# Skidloader Charging Problems



## Philbilly2 (Aug 25, 2007)

Ok, it is hard for a guy like me to swallow my pride and ask for help. But, I am sure that someone has had this problem, and I just don't have the time to screw around with this right now.

My 2001 863 Bobcat Skidloader. It either has a bad alternator or a bad battery.

Here is what she does.

If I put the trickle charger on the battery, it will start great for about 30 times, then start good for about 10 times, then barely start about 5 times. From my experence with running tractors, I understand that a diesel can run without use power from the alternator or battery once it is running. The only thing with the tractors was that the electronics and the lights would not work if the alternator was bad. My lights and dash work fine.
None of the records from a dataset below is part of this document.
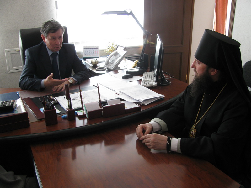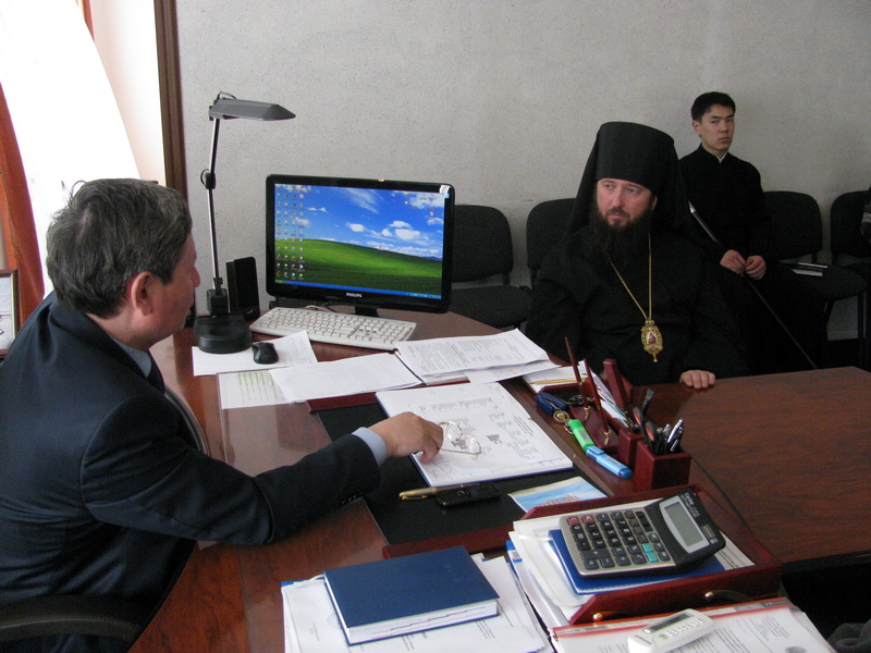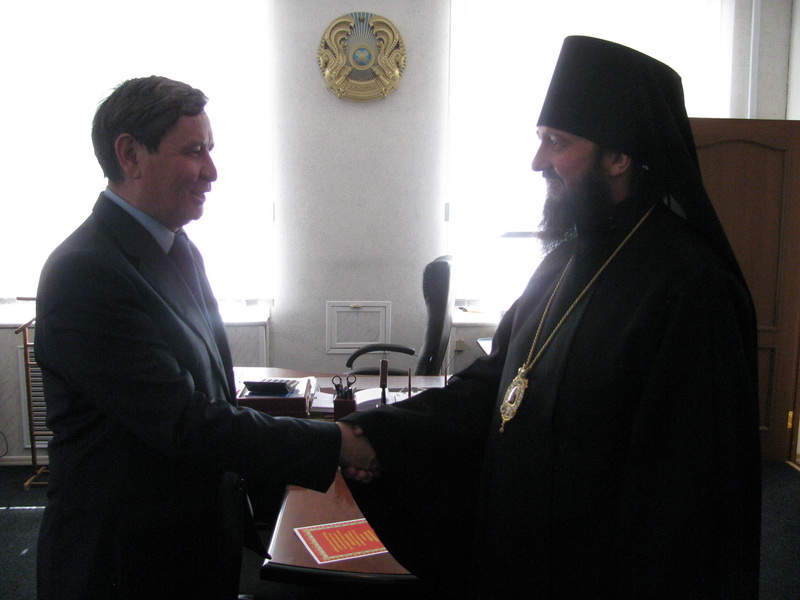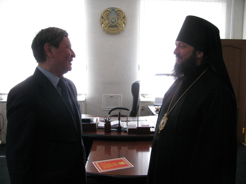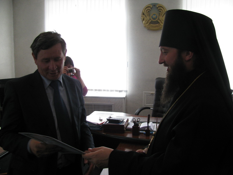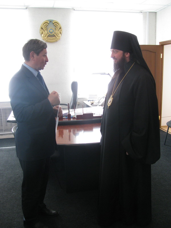 В этот же день, в 12 часов, Преосвященнейший Амфилохий, встретился с акимом Глубоковского района Нурлыбеком Адылгазиновичем Шерубаевым.
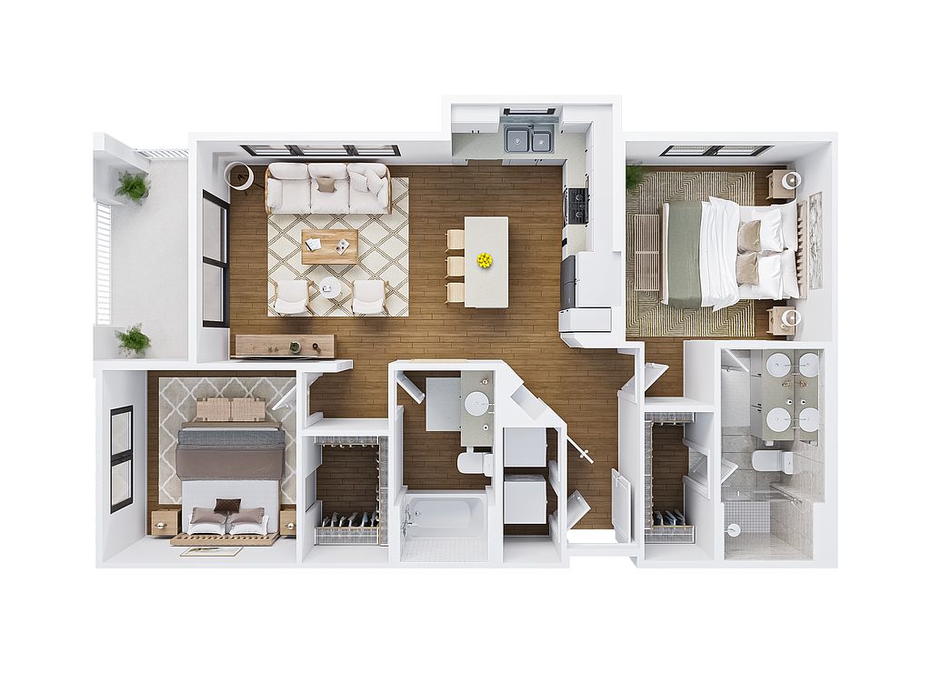 At RIVA, the spirit of resort living meets the comfort of home inviting you to vacation where you live. Each home features premium stainless steel appliances, a built-in wine fridge, spacious walk-in closets, private balconies or patios, an in-home washer and dryer, detached garages, central air and heat, and modern kitchen islands.
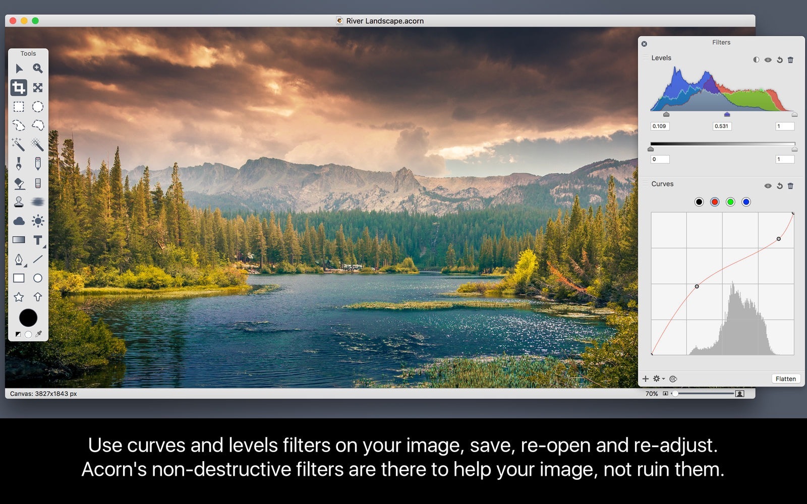 Acorn for mac 是macOS平台上一款比较不错的图像处理软件。如果你不想使用和安装 Mac 上巨大的 Photoshop,Acorn 是不错的替代品。Acorn 用起来都很像神器 Photoshop,是的,它的设计目标就是成为 Photoshop 的轻量替代者,拥有所有 PhotoShop 的基础工具和滤镜效果,支持图层。
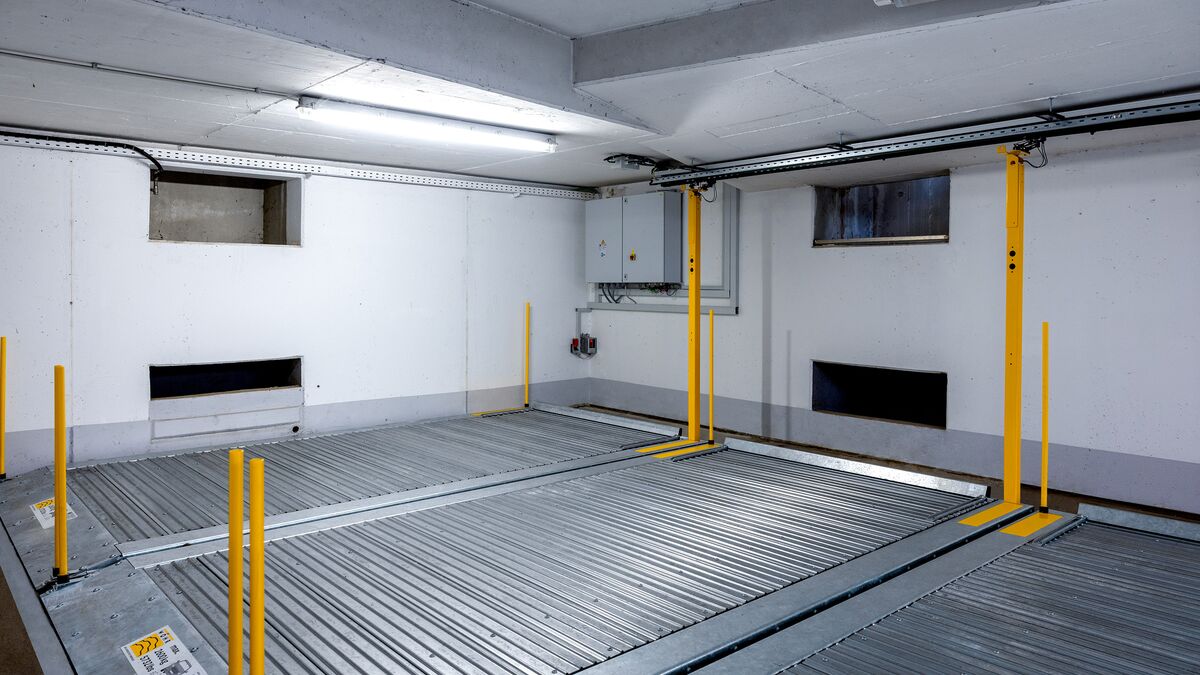 Bočnim pomeranjem parking platforme 601 koristi se svaki deo raspoloživog prostora i obezbeđuje se maksimalna površina za parkiranje.

The other part is once it starts going getting down to the good starts, I have put a voltage tester on the battery and it still reads 12.84V. Does that mean that the battery is just a weak battery or the alternator is shot and not putting a good charge to the battery?

Any help would be great.


----------



## xtreem3d (Nov 26, 2005)

a very quick check we used to do was hold a screwdriver blade right behind the center of the alt to see if it was magnetic if it wasn't them alt or reg were probably bad


----------



## Philbilly2 (Aug 25, 2007)

What does that show? I have never heard of that.


----------



## Plowfixguys (Oct 17, 2009)

12.84 volts is low. You should have about 13.5 I have seen them run as high as 14.5. The alternator has to charge above battery voltage to keep it charged. Make sure belt is not slipping and cables are clean at the battery, alternator and ground. If all is good find a rebuilder and have it bench tested.


----------